The following uses violate this policy and will be treated as academic misconduct:

  1. Submitting AI‑generated text, code, figures or data without disclosure.
  2. Letting AI draft substantial thesis sections with only superficial edits.
  3. Accepting AI‑generated data analyses or statistical results that you have not independently verified.
  4. Citing sources or references suggested by AI tools without verifying the actual existence and content ("hallucinated" references).
  5. Uploading confidential data, unpublished results or copyrighted material to public AI services without written consent.

⛔️ No Ghostwriting

AI may assist at the idea or outline level, but writing of core sections must reflect your own formulation and critical thinking. Generating full paragraphs and making only cosmetic changes is not acceptable.

🔒 Intellectual Property & Data Protection

Data Protection

Never share personal data or confidential project information with cloud AI services. Prefer on‑premise solutions or local models when feasible.

Examples of confidential data include identifiable personal information, internal documents from companies, sensitive research datasets, or unpublished findings from collaborative projects.

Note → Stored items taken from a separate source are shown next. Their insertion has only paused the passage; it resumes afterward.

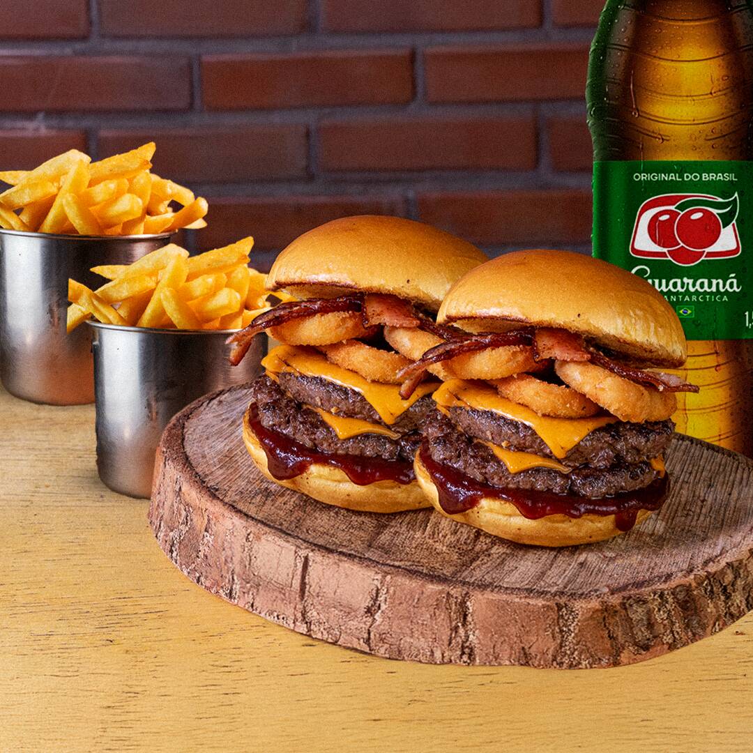 Pão de brioche, 2 Blends Angus 100g, queijo 2x, bacon, anéis de cebola empanados e Molho Barbecue Defumado
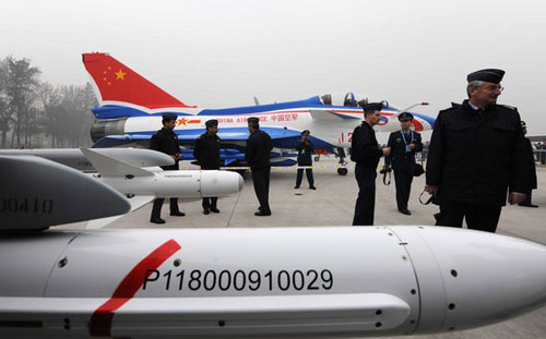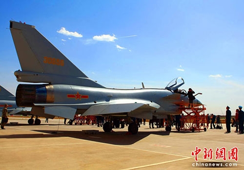 2009年11月,外國軍官集體參觀殲-10等中國新型戰(zhàn)機(資料圖)
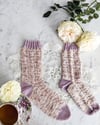 Finished sock dimensions: 7.5” (19.1 cm), 8.75” (22.2 cm), 10” (25.4 cm) circumference (Note: most people like their socks snug, so choose a finished sock size that is slightly smaller than your actual foot)
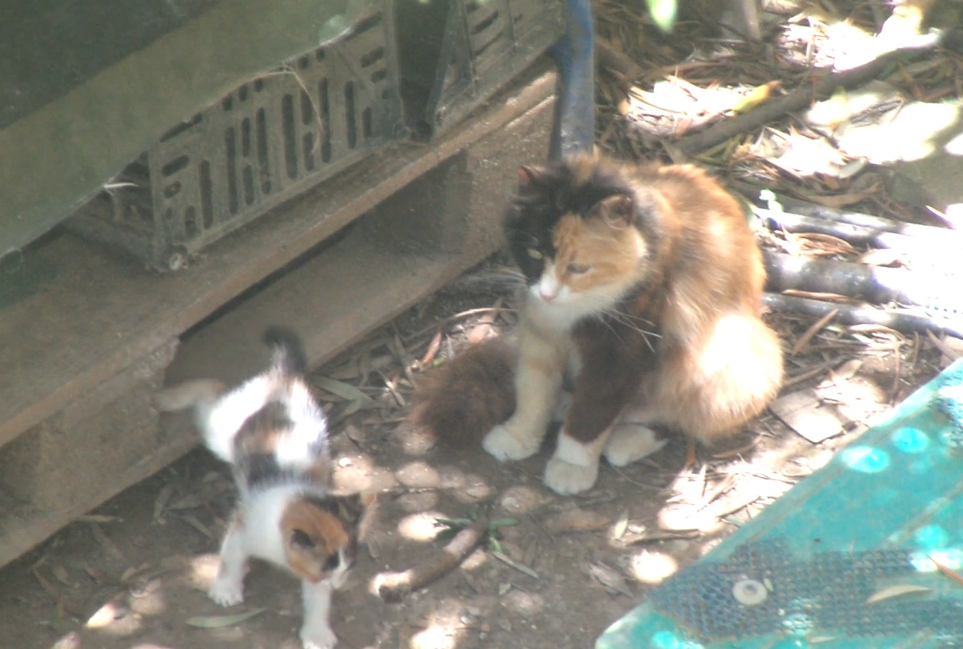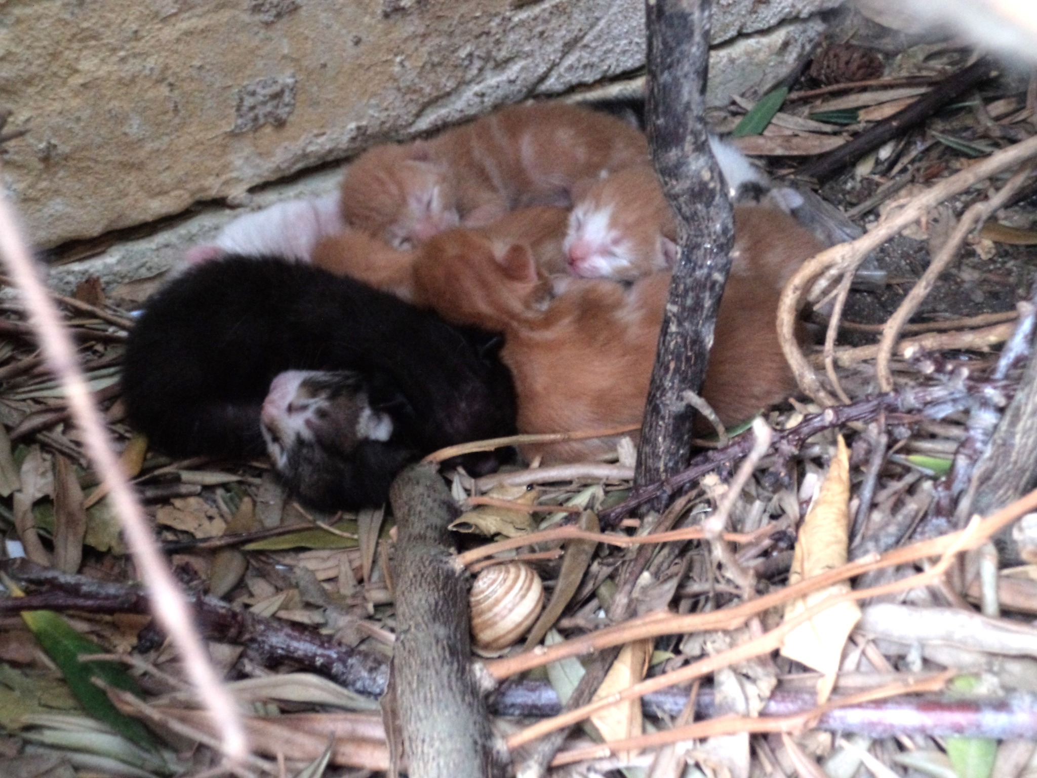 The following year, Sprocket became a mother a few days after The Cat had her litter. They formed a colony, bringing the kittens up together right from the very beginning, each of the mothers having given birth to four kittens. They were only a few days old in this photo.
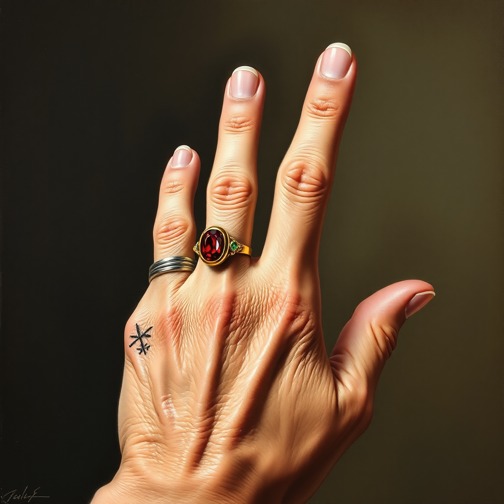 A stunning oil painting depicting an aged hand adorned with a single golden ring set with a striking red gemstone and another finger bearing a silver band with a vibrant green emerald, its fingers elegantly reaching skyward. The hand, marked by an ancient, deep scar, displays a dignified, timeless character, boasting five distinct fingers with the rings catching the light beautifully. The expert brushwork highlights the intricate textures of the wrinkled skin and the gleaming jewels, creating a captivating and emotive piece.
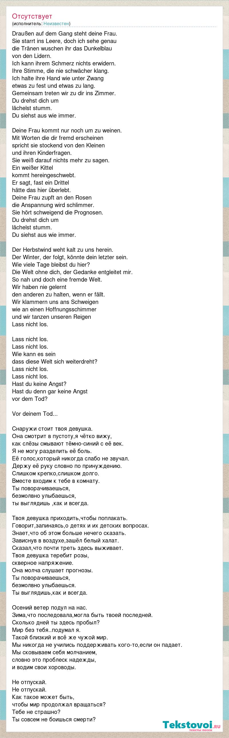 Draußen auf dem Gang steht deine Frau. Sie starrt ins Leere, doch ich sehe genau die Tränen wuschen ihr das Dunkelblau von den Lidern. Ich kann ihrem Schmerz nichts erwidern. Ihre Stimme, die nie schwächer klang. Ich halte ihre Hand wie unter Zwang etwas zu fest und etwas zu lang. Gemeinsam treten wir zu dir ins Zimmer. Du drehst dich um lächelst stumm. Du siehst aus wie immer. Deine Frau kommt nur noch um zu weinen. Mit Worten die dir fremd erscheinen spricht sie stockend von den Kleinen und ihren Kinderfragen. Sie weiß darauf nichts mehr zu sagen. Ein weißer Kittel kommt hereingeschwebt. Er sagt, fast ein Drittel hätte das hier überlebt. Deine Frau zupft an den Rosen die Anspannung wird schlimmer. Sie hört schweigend die Prognosen. Du drehst dich um lächelst stumm. Du siehst aus wie immer. Der Herbstwind weht kalt zu uns herein. Der Winter, der folgt, könnte dein letzter sein. Wie viele Tage bleibst du hier? Die Welt ohne dich, der Gedanke entgleitet mir. So nah und doch eine fremde Welt. Wir haben nie gelernt den anderen zu halten, wenn er fällt. Wir klammern uns ans Schweigen wie an einen Hoffnungsschimmer und wir tanzen unseren Reigen Lass nicht los. Lass nicht los. Lass nicht los. Wie kann es sein dass diese Welt sich weiterdreht? Lass nicht los. Lass nicht los. Hast du keine Angst? Hast du denn gar keine Angst vor dem Tod? Vor deinem Tod... Снаружи стоит твоя девушка. Она смотрит в пустоту,я чётко вижу, как слёзы смывают тёмно-синий с её век. Я не могу разделить её боль. Её голос,который никогда слабо не звучал. Держу её руку словно по принуждению. Слишком крепко,слишком долго. Вместе входим к тебе в комнату. Ты поворачиваешься, безмолвно улыбаешься, ты выглядишь ,как и всегда. Твоя девушка приходить,чтобы поплакать. Говорит,запинаясь,о детях и их детских вопросах. Знает,что об этом больше нечего сказать. Зависнув в воздухе,зашёл белый халат. Сказал,что почти треть здесь выживает. Твоя девушка теребит розы, скверное напряжение. Она молча слушает прогнозы. Ты поворачиваешься, безмолвно улыбаешься. Ты выглядишь,как и всегда. Осений ветер подул на нас. Зима,что последовала,могла быть твоей последней. Сколько дней ты здесь пробыл? Мир без тебя..подумал я. Такой близкий и всё же чужой мир. Мы никогда не учились поддерживать кого-то,если он падает. Мы сковываем себя молчанием, словно это проблеск надежды, и водим свои хороводы. Не отпускай. Не отпускай. Как такое может быть, чтобы мир продолжал вращаться? Тебе не страшно? Ты совсем не боишься смерти?
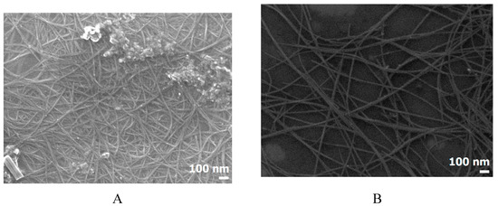 CNT SEM images. before (A) and after (B) CO2 processing at a pressure of 75 bar and a temperature of 80 °C.
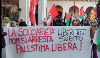 Pisa. Conferenza stampa in piazza contro gli arresti di esponenti palestinesi in Italia
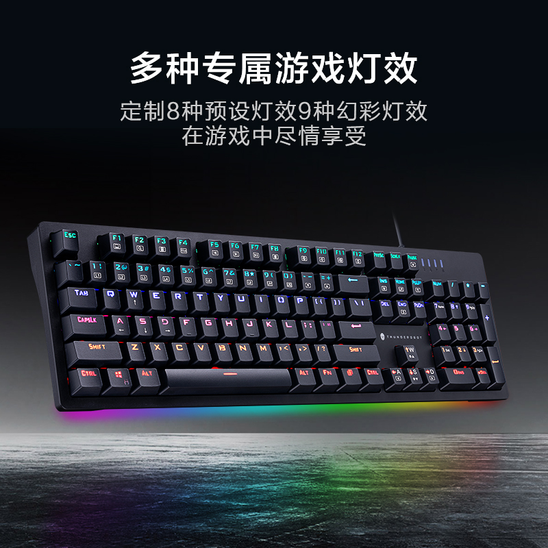 雷神KG3089C幻彩版 89键机械键盘,采用全新89键布局,保留了数字键区,保持小键盘方向键的独立性。采用L型炫酷RGB灯带,3组自定义背光模式+20种炫酷游戏灯效。KG3089C幻彩版采用注塑简约键帽,全键无冲。
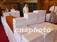 組圖:WTO部長會(huì)議開幕 多哈做好充分準(zhǔn)備 2001年11月10日 17:08 ![]() 第四屆WTO部長會(huì)議在卡塔爾首都多哈開幕, 大會(huì)組委會(huì)為參加會(huì)議的各國官員準(zhǔn)備各種會(huì)議資料。中新社記者 錢興強(qiáng) 攝 ![]() 第四屆WTO部長會(huì)議在卡塔爾首都多哈開幕,為確保大會(huì)安全,身穿阿拉伯民族服飾的保衛(wèi)人員加強(qiáng)安全保衛(wèi)措施。中新社記者 錢興強(qiáng) 攝
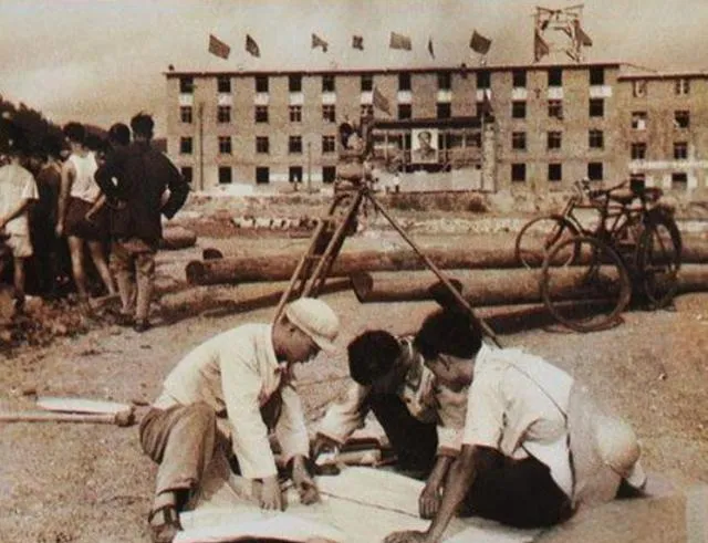 这张是测量队在场坪,三脚架立住,皮尺递过去,图纸压在石头上,旁边停着两辆二八大杠,自行车一倒地,铃铛还会“叮”一声,听着就精神。
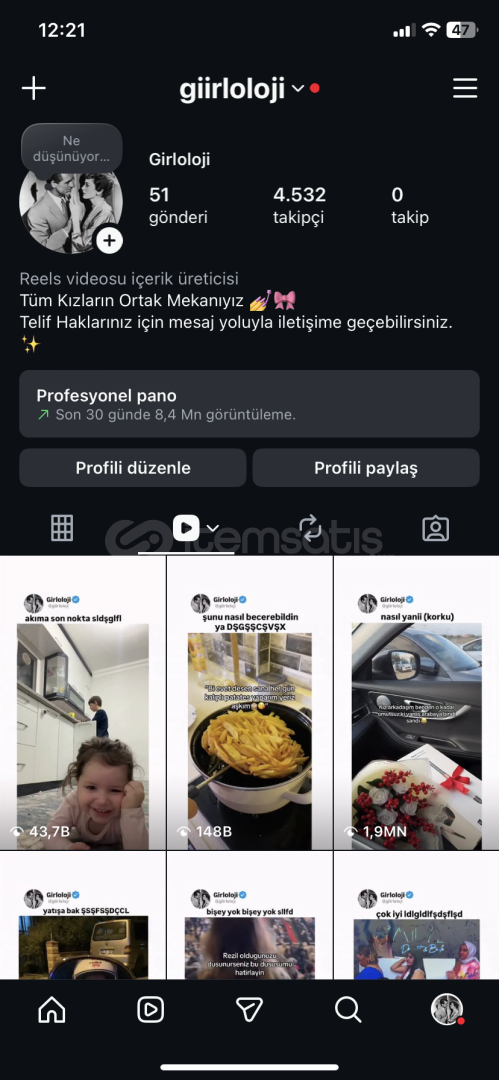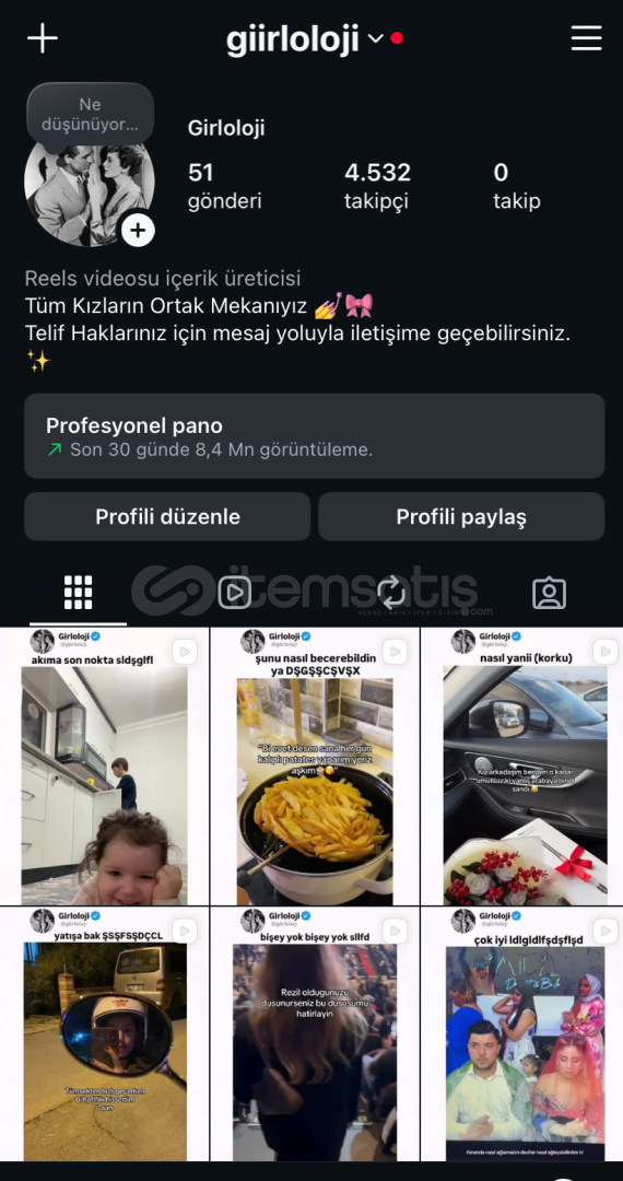 BU ÜRÜNÜ SATIN ALAN DEĞERLİ MÜŞTERİLERİMİZ :Fotoğraf / Video Atınız (Hikaye olarak paylaşılacaktır)Paylaşılacak Sayfa : giirlolojiGönderi olarak paylaşım için 2 kere ilanı satın almalısınız4500 Gerçek, Aktif hesaplardır.Son 30 Günde +8.5 Milyon erişilen hesap bulunuyor.İstediğiniz video,text,konuşmayı paylaşabilirs...

Do not feed course slides, proprietary datasets, or unpublished papers into public AI tools unless you have written approval from the rights holder.

📝 Disclosure Format

Add a "Declaration of AI Tool Usage" before the bibliography. This declaration should give a transparent and honest account of any AI support used during your thesis work. It must include:

  1. Tools used: Name and version (e.g. ChatGPT-4o, GitHub Copilot Jan 2026).
  2. Purpose: What the tool was used for (e.g. polishing, coding, diagrams).
  3. Extent of inclusion: Specific sections or components affected.
  4. Verification: Confirmation of your validation.
💡 Tips for Evidence
  • Avoid vague blanket statements: If you declare usage across large parts of the thesis (e.g. "Chapters 1-5"), be prepared to prove your authorship (e.g. via version history).
  • Track your work: Enable "Track Changes" in Word/Docs or use Git commits for LaTeX/Code to document incremental progress.

Example Declaration

You can copy and adapt this template:

text
I hereby declare that I used the following AI tools during the preparation of this thesis. Their use was limited, transparent, and complies with the AI policy for theses. No AI-generated content beyond what is listed below appears in the submitted version.

Tools Used:

* DeepL Write (Jan 2026)
  Used to improve grammar/style in Section 2.3 and 4.1. All revised content was originally written by me and strictly reviewed.

* GitHub Copilot (VS Code, Jan 2026)
  Used continuously for syntax completion in Chapter 5. Specifically provided scaffolding for Listing 5.2. All code was reviewed and tested by me.

* Cursor / Claude 4.5 Sonnet (Jan 2026)
  Used in "Composer Mode" to refactor the database schema in `models.py`. I verified the SQL output and adjusted constraints manually.

* Gemini (Google, Jan 2026)
  Used to draft Figure 6.1 based on my description. The output served as a visual starting point and was redrawn in draw.io.

I confirm that:
* All AI usage is disclosed here to the best of my knowledge.
* All academic decisions and conclusions reflect my own intellectual contribution.
* I have verified the correctness and originality of all content submitted.

⚖️ Consequences of Non‑Compliance

Undisclosed or prohibited AI use constitutes academic misconduct and may result in a failing grade, credit revocation, or disciplinary proceedings in line with university regulations.

The policy is reviewed annually or whenever major AI or regulatory changes occur.